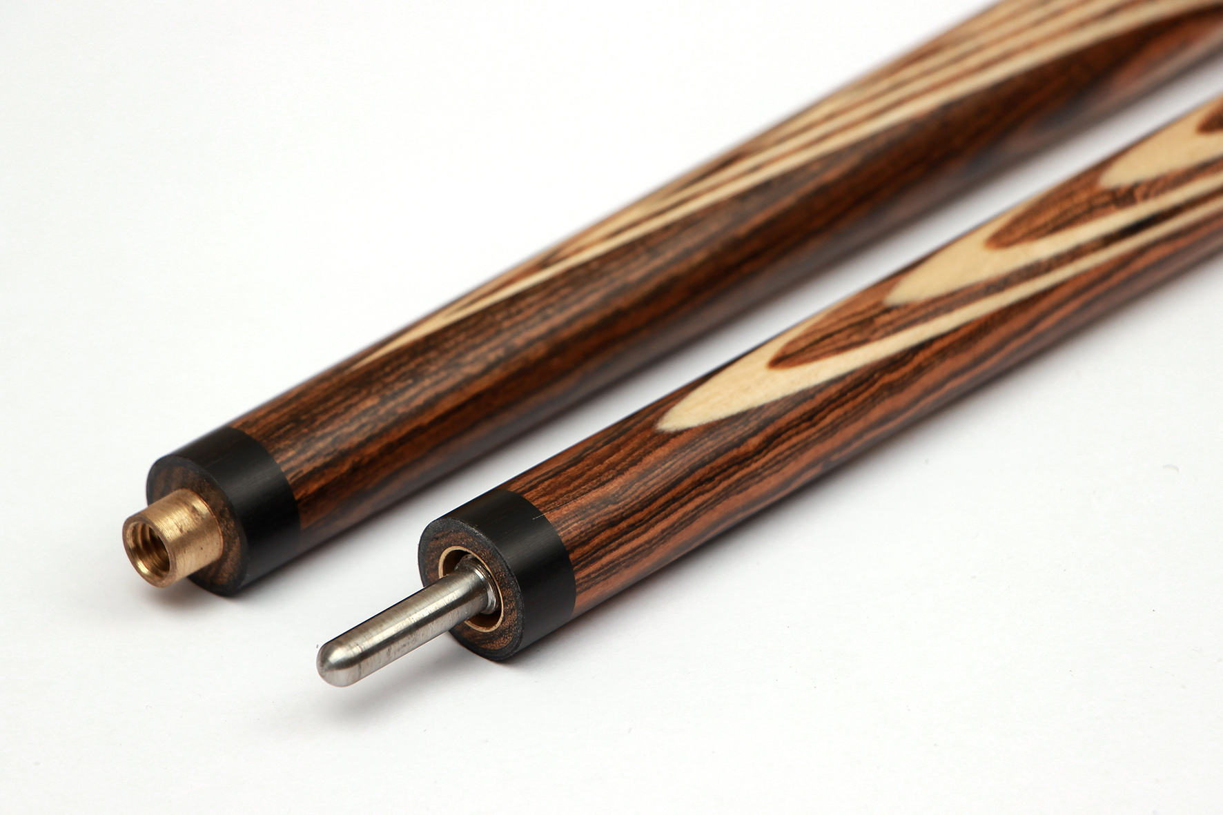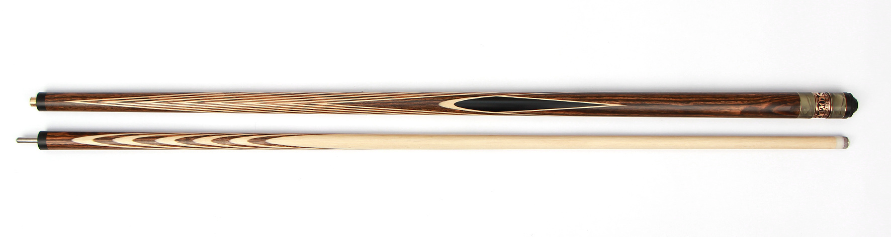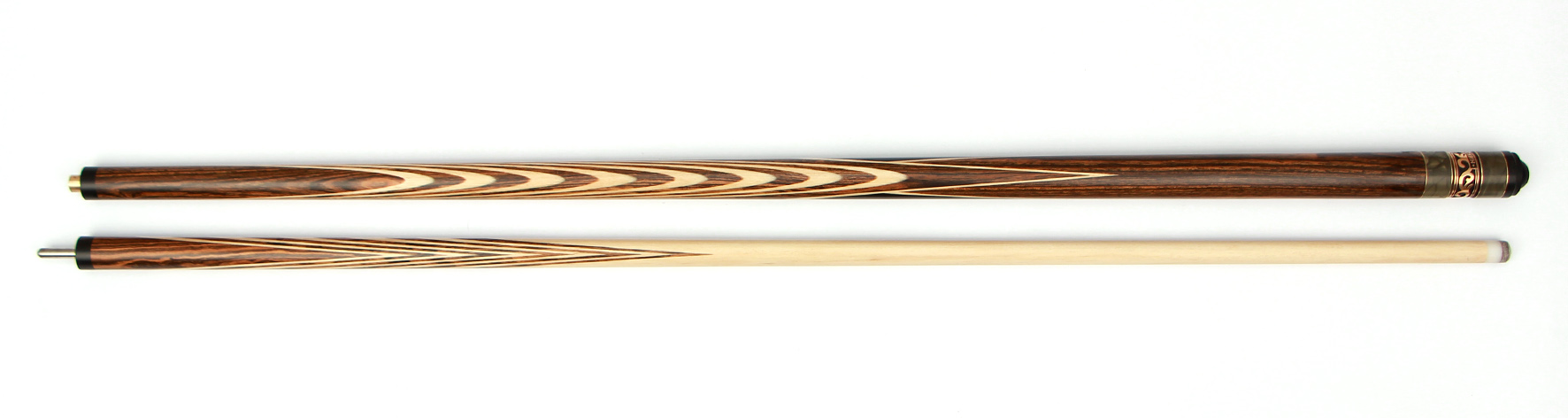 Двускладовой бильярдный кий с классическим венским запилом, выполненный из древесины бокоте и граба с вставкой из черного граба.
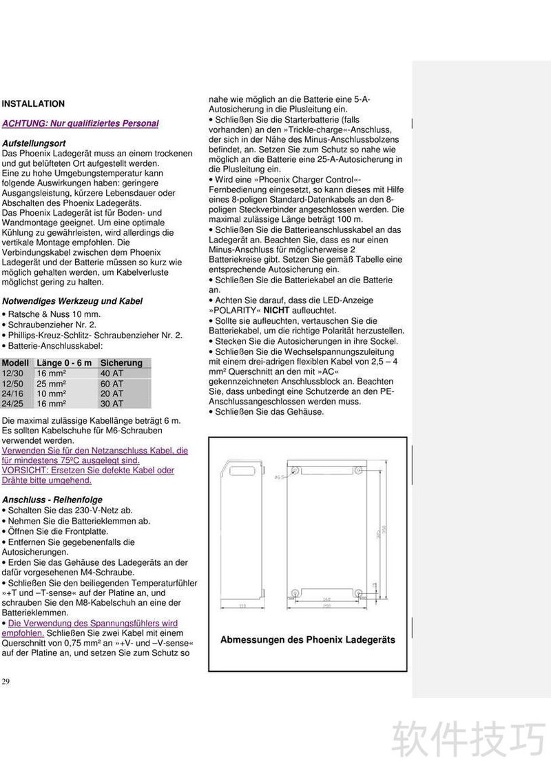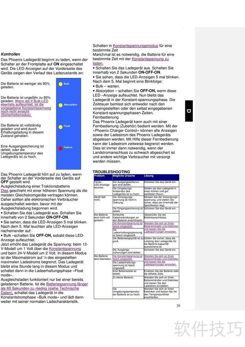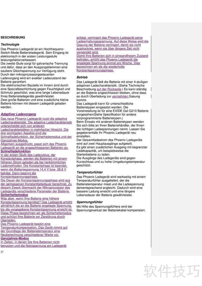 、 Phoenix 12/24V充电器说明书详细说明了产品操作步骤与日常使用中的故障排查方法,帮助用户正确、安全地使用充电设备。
---
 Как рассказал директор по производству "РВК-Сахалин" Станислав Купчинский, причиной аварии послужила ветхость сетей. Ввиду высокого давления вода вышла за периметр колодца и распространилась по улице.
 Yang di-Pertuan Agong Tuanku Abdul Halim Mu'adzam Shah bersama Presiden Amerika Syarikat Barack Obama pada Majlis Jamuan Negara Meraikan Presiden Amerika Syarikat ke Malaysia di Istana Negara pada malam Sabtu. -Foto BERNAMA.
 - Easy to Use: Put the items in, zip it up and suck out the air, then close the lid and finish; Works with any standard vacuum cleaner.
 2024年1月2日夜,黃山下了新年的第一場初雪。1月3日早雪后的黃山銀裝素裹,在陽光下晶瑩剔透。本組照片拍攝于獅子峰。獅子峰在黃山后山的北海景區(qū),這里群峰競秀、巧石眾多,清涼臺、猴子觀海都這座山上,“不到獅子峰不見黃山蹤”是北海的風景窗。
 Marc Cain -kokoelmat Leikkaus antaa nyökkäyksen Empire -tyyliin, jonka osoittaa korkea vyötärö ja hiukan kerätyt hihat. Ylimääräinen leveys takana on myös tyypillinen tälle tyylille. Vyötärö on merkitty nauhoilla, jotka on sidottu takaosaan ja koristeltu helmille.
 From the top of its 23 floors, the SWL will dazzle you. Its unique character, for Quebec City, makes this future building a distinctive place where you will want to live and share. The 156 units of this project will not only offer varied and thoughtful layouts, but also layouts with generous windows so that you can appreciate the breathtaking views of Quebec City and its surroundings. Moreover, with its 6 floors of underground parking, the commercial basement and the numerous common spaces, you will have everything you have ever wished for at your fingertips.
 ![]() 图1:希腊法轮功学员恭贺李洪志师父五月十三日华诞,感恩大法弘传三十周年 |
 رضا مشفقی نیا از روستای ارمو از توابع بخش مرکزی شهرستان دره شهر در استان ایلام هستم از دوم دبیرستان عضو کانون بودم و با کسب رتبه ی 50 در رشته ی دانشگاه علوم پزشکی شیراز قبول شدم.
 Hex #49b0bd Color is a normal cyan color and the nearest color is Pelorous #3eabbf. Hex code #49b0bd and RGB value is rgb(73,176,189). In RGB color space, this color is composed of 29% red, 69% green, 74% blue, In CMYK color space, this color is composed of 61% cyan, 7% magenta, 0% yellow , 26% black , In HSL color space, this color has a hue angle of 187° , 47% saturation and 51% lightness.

### [INSTRUCTIONS FOR THE TASK]
In your answer, include only the lines above starting at the line that holds "2024年1月2日夜,黃山下" and ending at the line that holds "Marc Cain -kokoelmat", copied exactly.

### [WRITTEN RESPONSE]
 2024年1月2日夜,黃山下了新年的第一場初雪。1月3日早雪后的黃山銀裝素裹,在陽光下晶瑩剔透。本組照片拍攝于獅子峰。獅子峰在黃山后山的北海景區(qū),這里群峰競秀、巧石眾多,清涼臺、猴子觀海都這座山上,“不到獅子峰不見黃山蹤”是北海的風景窗。
 Marc Cain -kokoelmat Leikkaus antaa nyökkäyksen Empire -tyyliin, jonka osoittaa korkea vyötärö ja hiukan kerätyt hihat. Ylimääräinen leveys takana on myös tyypillinen tälle tyylille. Vyötärö on merkitty nauhoilla, jotka on sidottu takaosaan ja koristeltu helmille.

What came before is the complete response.